How could I copy data from cpu to gpu asynchronically?

Hi,

My test code is like this:

a = torch.randn(16, 3, 16, 16)
a1 = a.cuda(1)
a2 = a.cuda(2)
a3 = a.cuda(3)
a4 = a.cuda(4)
torch.cuda.synchronize()

a = torch.randn(16, 3, 1204, 1024)
t1 = time.time()
a1 = a.cuda(1)
a2 = a.cuda(2)
a3 = a.cuda(3)
a4 = a.cuda(4)
t2 = time.time()
torch.cuda.synchronize()
print(t2 - t1)

a = torch.randn(16, 3, 1204, 1024)
t3 = time.time()
a1 = a.cuda(1)
t4 = time.time()
torch.cuda.synchronize()
print(t4 - t3)

The results is:

0.18216228485107422
0.03782033920288086

Which means that copying one cpu tensor to one gpu tensor is faster than copying same tensor to multi-gpu, the process seems to be a one-by-one operation.
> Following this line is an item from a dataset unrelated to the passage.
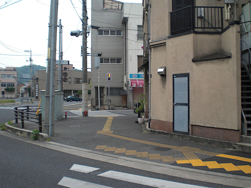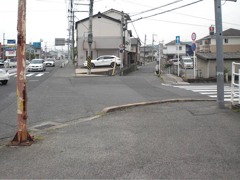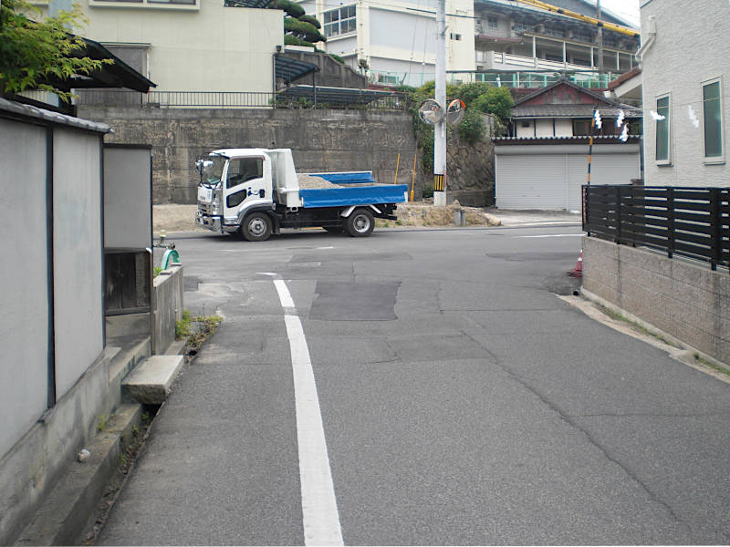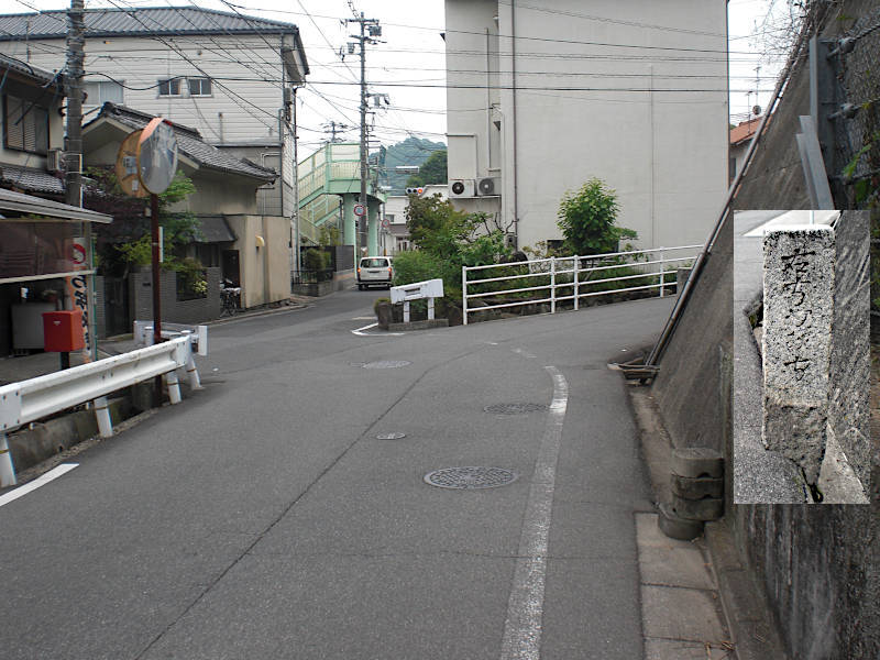 横断歩道からもう見えているが、西国街道は左手へ坂を下りる細い道となる。(14:33)
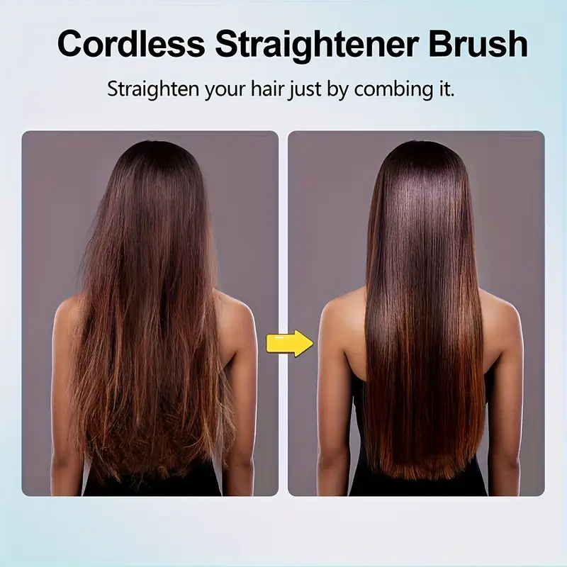 Portable Rechargeable Handheld Straightener - 4 Temperature Settings, Fast Heating Cordless Hair Comb

How could I make the copy in parallel please?

You would have to synchronize the code before starting and stopping the timer, while your current code stops the timers already and synchronizes afterwards.

Hi,

Will this line work to synchronize ?

Yes, this will synchronize the default device.

So what is the most efficient way to copy one tensor to multi-gpus in parallel ?

The copy code looks alright, but your profiling code is still wrong, since you are stopping the timer without a previous synchronization. Did you create new profiles and checked the time?

HI,

I changed my code like this:

from concurrent.futures import ThreadPoolExecutor

executor = ThreadPoolExecutor(max_workers=8)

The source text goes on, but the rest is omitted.